Named Entity Recognition: From Rules to Neural Networks

Named entity recognition (NER) is the task of identifying and classifying mentions of real-world entities in text — people, organizations, locations, dates, quantities, and other categories. It’s one of the foundational tasks in NLP, and understanding how it works gives you insight into how information extraction has evolved from brittle rules to robust neural systems.

“Apple announced that Tim Cook will visit Cupertino on March 15th.”

NER should identify: Apple (ORG), Tim Cook (PER), Cupertino (LOC), March 15th (DATE).

Why NER is harder than it looks

The challenge isn’t recognizing clearly unique entities like “Tim Cook.” The challenge is:

Ambiguity: “Apple” is a company, a fruit, and someone’s last name. “Jordan” is a country, a river, and a very common given name. Context determines the correct interpretation.

Boundary detection: Where does an entity start and end? “New York City Police Department” is one entity. “United States Secretary of State” is one entity. NER systems need to correctly span multi-token entities.

Novel entities: Training data covers known entities, but real text contains entities the system has never seen. A model that only memorizes known entities fails badly on new people, new companies, new places.

Nested entities: “Bank of America CEO Brian Moynihan” contains “Bank of America” (ORG) nested within a larger phrase that includes “Brian Moynihan” (PER). Some NER formulations handle nesting; many don’t.
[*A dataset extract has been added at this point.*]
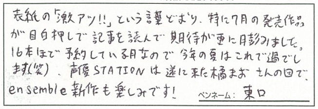 最:東口さんからは、BugBug7月号の表紙についてコメントをいただきました。16本も予約しているなんて凄いですね!!
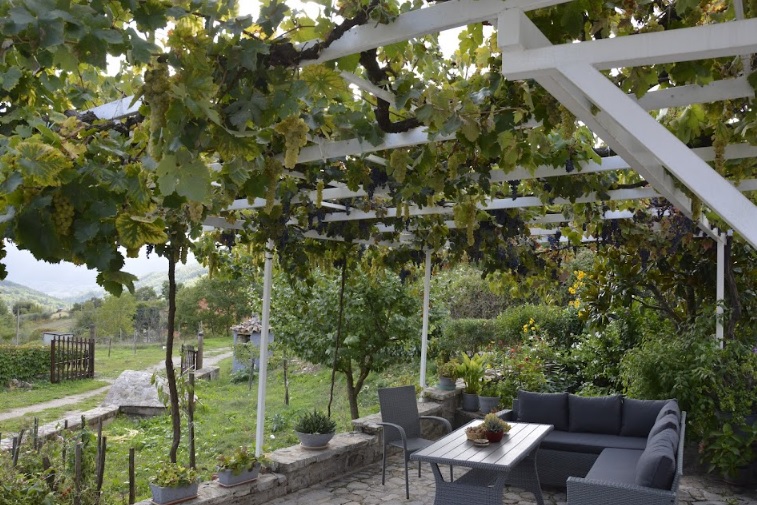 Spazi all’aperto: salottini relax ombreggiati da olivi e pergolato.

Domain specificity: General-purpose NER models trained on news articles perform poorly on biomedical text (genes, proteins, diseases), legal documents, or social media. Domain shift is a constant challenge.

The rule-based era

Early NER systems were rule-based: hand-written patterns using regular expressions, gazetteers (curated lists of known entities), and hand-crafted linguistic rules.

A simple rule: “A capitalized word following Mr./Mrs./Dr. is likely a person.”

More complex rules: patterns for recognizing date formats, phone numbers, money amounts. Gazetteers: lists of known cities, countries, company names, common given names.

Rule-based systems were:

Transparent: You could read the rules and understand why the system made each decision
Easy to fix: If it missed a pattern, add a rule
Brittle: Rules that worked for news text failed on informal text; new domains required new rules
Expensive to build: Curating rule sets was a significant manual effort

For well-defined, closed-domain problems (extracting dates and monetary amounts from financial contracts), rule-based approaches are still sometimes the right answer — predictable, auditable, fast.

Statistical NER: sequence labeling

The next generation reframed NER as a sequence labeling problem. Every token in a sentence gets a label:

Using IOB (Inside-Outside-Beginning) encoding:

Apple   → B-ORG  (Beginning of an ORG entity)
Inc.    → I-ORG  (Inside an ORG entity)
said    → O      (Outside any entity)
Tim     → B-PER  (Beginning of a PER entity)
Cook    → I-PER  (Inside a PER entity)

With this encoding, NER becomes: for each token, predict its IOB tag.

Conditional Random Fields (CRFs) were the dominant model for sequence labeling: a discriminative probabilistic model that conditions on the full observation sequence and learns label transition probabilities (“a B-PER label is likely followed by I-PER, not I-ORG”).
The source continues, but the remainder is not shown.